A leitura de petistas é que, embora parte do mercado ainda tenha ressalvas em relação a Flávio na disputa presidencial, a rejeição a Lula permanece elevada e dificulta a conquista de apoios às vésperas da eleição de outubro. Isso porque alguns economistas têm alertado que medidas lançadas pelo governo federal podem elevar a dívida pública e dificultar o controle da inflação pelo Banco Central (BC).
Desde o início deste mandato de Lula, a dívida bruta da gestão já subiu mais de oito pontos percentuais em relação ao Produto Interno Bruto, superando os 80% do PIB. Além disso, tanto o Executivo quanto especialistas projetam que o indicador continuará em alta nos próximos anos.

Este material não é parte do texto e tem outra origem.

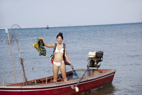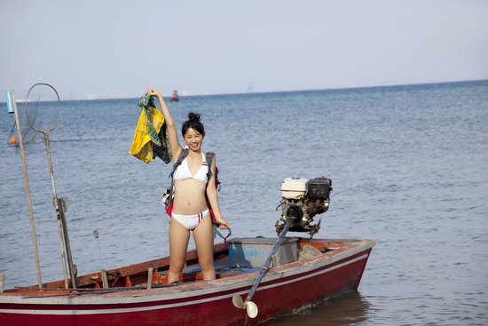 Funny trip in some where that I donn't known where?? Rina Koike pose in cute style on that old boat.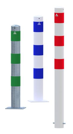 Dieser Rammschutzpfosten Ø 102 mm ist konzipiert für den Schutz von E-Ladesäule. Er ist wahlweise zum Einbetonieren oder zum Aufdübeln erhältlich sowie in mehreren Farbvarianten: feuerverzinkt und unbeschichtet oder zusätzlich pulverbeschichtet in Weiß lieferbar. Zur besseren Sichtbarkeit verfügen alle Ausführungen über drei reflektierende Streifen aus Folie mit Reflexionsklasse RA1/A, wahlweise in Blau, Rot oder Grün.

Diante desse quadro, o atual chefe do Executivo tem sido orientado a se aproximar desse eleitorado. Uma ala da campanha defende que Lula evite assumir compromissos de elevado impacto fiscal durante a disputa eleitoral. A avaliação é que uma campanha sem propostas que possam gerar insegurança no mercado ampliaria a margem de manobra para um eventual novo governo negociar sua agenda e implementar medidas consideradas necessárias.
Segundo aliados, desde o início do terceiro mandato, em 2023, Lula foi aconselhado a construir uma interlocução mais próxima com empresários, tanto para facilitar a governabilidade quanto para reduzir resistências no setor. O presidente, no entanto, não seguiu essa estratégia e, na avaliação de interlocutores, acabou se distanciando ainda mais do segmento.
Na última quinta-feira (27), Lula tentou fazer aceno aos empresários e disse, durante entrevista à TV Globo, que a responsabilidade fiscal “baliza” sua vida. Por outro lado, porém, afirmou não se preocupar com a dívida pública do Brasil.